Treatment by Age
Since bone healing and regrowth potentials change with age, children that develop Perthes at a certain age should receive treatment appropriate to their age group and treatments on this site are described based on the age of the child. For example, younger children have more healing potential and more time to regrow their bone than older kids and may need less aggressive theatment. Additionally, children with less area of the femoral head affected by the loss of blood flow have less diseased bone to heal than kids with more severe cases. Following are our current consensus on treatment by age. More detailed information is provided in each age group section below. There may be instances for each age group where a treatment more commonly used in other age groups may be recommended.

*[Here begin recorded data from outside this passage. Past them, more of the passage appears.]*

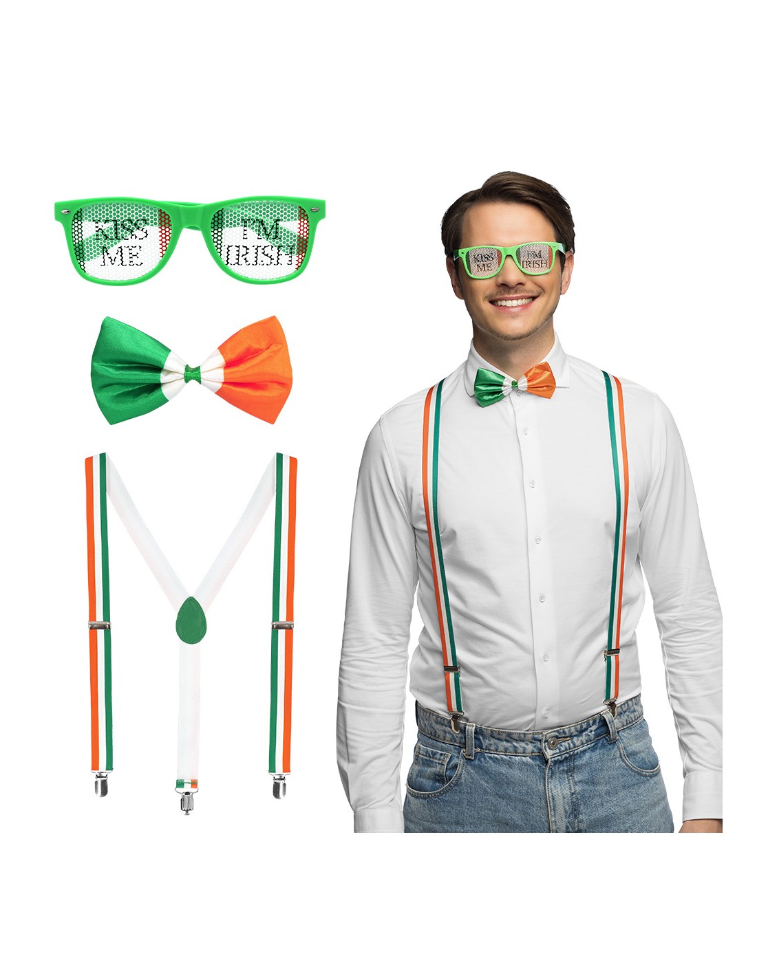 Ce kit se compose de lunettes en plastique, d'un noeud papillon Irlandais, ainsi que d'une paire de bretelle aux couleurs du drapeau Irlandais.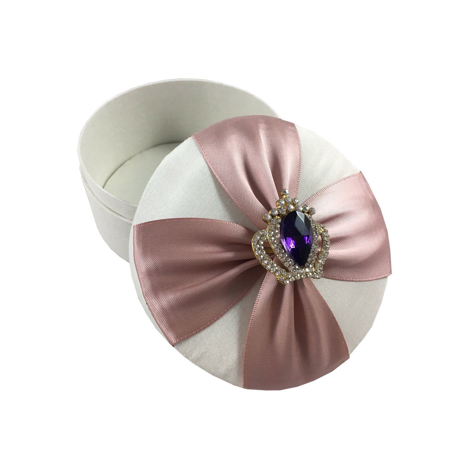 - What's Included: Round box with padded lid and interior bottom, decorative rhinestone brooch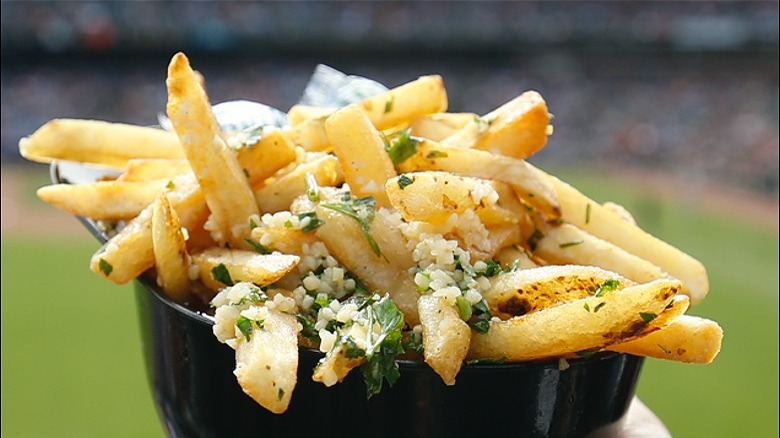 But garlic happens to be the predominant scent that wafts throughout the stadium. Garlic-topped french fries have been a San Francisco Giants tradition going back to 1994 when the team played at the now-demolished Candlestick Park. The recipe was developed by local brewers Gordon Biersch and is an appropriate regional nod to the nearby garlic capital of the world, Gilroy, California.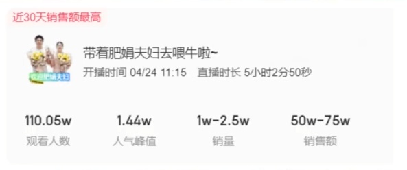 此前,肥娟夫妇开启了第一次直播带货,第三方平台数据显示,肥娟夫妇首场带货直播了5个小时,销量1万-2.5万,销售额50万-75万。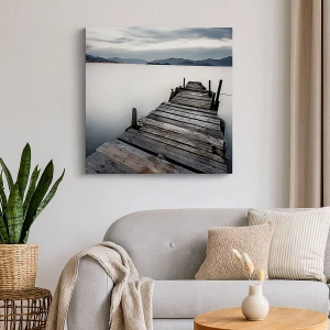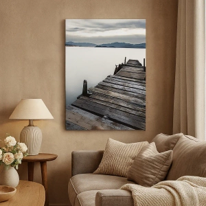 - En træmole, der fører til en rolig sø. En ideel dekoration til naturinspirerede interiører, den bringer harmoni og afslapning. Perfekt til stuer, soveværelser og loungeområder.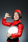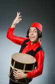 Mężczyzna w czerwonym kapeluszu fez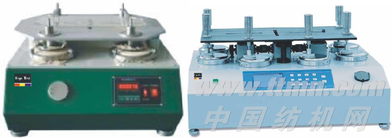 Martindale耐磨性及起球性測試儀,可檢測各種結(jié)構(gòu)織物的耐磨性及起球性能。試樣與一定的磨擦材料進(jìn)行低壓持續(xù)換向磨擦,其磨損及起球程度可與標(biāo)準(zhǔn)參數(shù)進(jìn)行對比評價。本儀器采用活動式的試樣緊固組件,可隨時取出某個磨擦試樣而不影響其它試樣,不僅實現(xiàn)了對試樣迅速、獨(dú)立的檢測,還保證了對磨擦同期計量的準(zhǔn)確性,是BSEN ISO12947-1:1999被認(rèn)可的緊固方法。本儀器配有電子預(yù)置批處理計時器及總合計數(shù)器、試樣夾及負(fù)荷裝置(符合國際測試標(biāo)準(zhǔn))可提供4、6頭的型號。 標(biāo)準(zhǔn): ISO 5470 ,DIN 53863/53865,BS 3424/5690,IWTO 40-88,BS EN 388/530,IWSTM 112/196,ASTM 4966/4970 IS 12673,JIS L1096,SFS 4328,PR EN ISO 12947-1,PR EN ISO 12945-2,SATRA TM31,ISO 20344 技術(shù)指標(biāo): 試驗次數(shù) 1~999999 累加計數(shù) 1~999999 測試頭數(shù) 4、6、8 磨塊有效摩擦直徑 φ28.8mm 夾持器與磨臺相對運(yùn)動速度 50r/min 衣料試樣重錘 395g 裝飾品試樣重錘 594g 電 源 AC220V, 250W 附件: 起球性測試附件: KHF-BP016E SDC磨擦織物,精選磨擦織物SM25,寬1.6米×長5米。 KHF-BP016F 氈片碟(機(jī)織物),直徑140mm標(biāo)準(zhǔn)襯氈碟(機(jī)織)140mm直徑(20片/包),BS5690/1991+PR,EN,ISO 12947-1750±50gm/m²×約厚2.5mm。 KHF-BP016G SM50圖卡,起球性測試IWS+ASTM,4套1-5(平紋,斜紋A,斜紋B,毛毯)。 選購件: KHF-BP016H EMPA圖卡標(biāo)準(zhǔn),起球性測試(3×4針織)。 KHF-BP016J EMPA圖卡標(biāo)準(zhǔn),起球性測試(3×4機(jī)織)。 KHF-BP016K 標(biāo)準(zhǔn)磨擦片,F(xiàn)2(230mm×280mm),用于防護(hù)手套耐磨性測試(50片/包)。 KHF-BP016L 碳化硅織物片(P180G),230×280mm,用于涂層織物耐磨性能的測試(25片/包)。 -- 耐磨試驗 圓形織物試樣靠在標(biāo)準(zhǔn)摩擦布上進(jìn)行摩擦測試,耐磨性能取決于試樣分解時的摩擦次數(shù)或試樣重量消耗,測試試樣摩擦布上的擺動軌跡被稱為Lissajous圖形。 -- 起毛球試驗 在馬丁-戴爾試驗機(jī)上采用的起毛球測試方法配合EMPA發(fā)展而來。測試適于針織和機(jī)織織物(由短纖沙織成)。用語言描繪的標(biāo)準(zhǔn)配合EMPA圖片標(biāo)準(zhǔn)來評價起毛球的程度。 -- 運(yùn)作和震幅 對于某些工作來說,須依據(jù)Lissajous圖形來做出一個有規(guī)律交互性的動作測試。由耐磨測試轉(zhuǎn)為起毛球測試時,需要改變震幅的長度。改變運(yùn)作的方式和震幅非常簡單,只要移動驅(qū)動組件的位置,無需借助其他工具和零配件。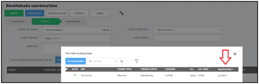 A „Készlet/Terméktörzs/Termék szerkesztése/Egyéb adatok” fülön a beírt termékre vonatkozó „Megjegyzés”, megjelenik a „Termék kiválasztása” ablakokban, egy új oszlopban. Itt szűrni és keresni is lehet ezekre a megjegyzésekre.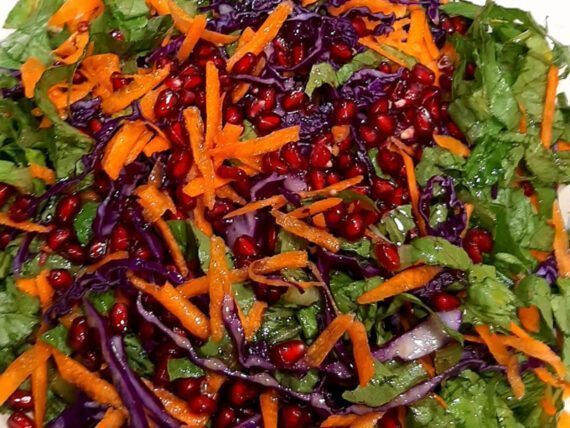 Χοντροκόβουμε το μαρούλι και το μοβ λάχανο και το ανακατεύουμε. Προσθέτουμε το τριμμένο καρότο, το οποίο το έχουμε τρίψει στο χοντρό του τρίφτη. Βάζουμε το ρόδι, το ελαιόλαδο, χυμό λεμονιού και λίγο αλάτι και ανακατεύουμε.
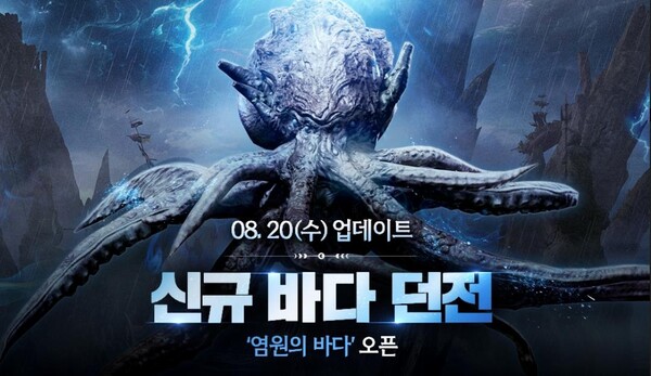 이번 업데이트를 통해 6개 서버가 매칭되는 신규 바다 던전 ‘염원의 바다’가 추가됐다. 해당 던전에서는 ▲신규 초승돌 ▲다후타의 인장 ▲흉물의 정수 등을 획득할 수 있다. '흉물의 정수'는 NPC를 통해 다른 보상으로 교환 가능하며, 매칭되는 던전마다 교환되는 '흉물의 정수'가 한계치에 도달하면 신규 보스 ‘심해의 크라켄’이 자동 소환된다. ‘심해의 크라켄’은 과부하·광분 기술을 활용하는 강력한 몬스터로, 전투 상황에 따라 피해를 줄이는 전략적 공략이 필요하다. 신규 해양 콘텐츠 추가에 맞춰 바다 장비 밸런스 조정 및 신규 컬렉션도 적용됐다.

Age less than 6 at onset: treat symptoms (pain, limping, and decrease in hip joint movement) by nonsurgical means like rest, limiting running and jumping activities, anti-inflammatory medicine and crutches/ walker/wheelchair as needed)
Age 6-8 at onset: non-operative treatments (similar to less than 6 year old patient and brace) or operative treatments (femoral or pelvic bone surgery) can be used but we do not know which is better at this time. This is why IPSG is study the outcomes of patients treated non-operatively and operatively in this age group (see "Current Studies")
Age 8-11 at onset: operative treatment is recommended in severe cases (i.e. most of the femoral head is affected by Perthes). Conventional surgical treatments include femoral bone or pelvic bone surgery)
Age over 11 at onset: conventional femoral or pelvic bone surgeries are not as effective in this age group compare to the younger patients. Newer treatments such as multiple drilling of femoral head to create channels for blood vessels to grow back and hip distraction using an external fixatior to protect the femoral head are being done in some centers. IPSG will be comparing the results of these newer procedures.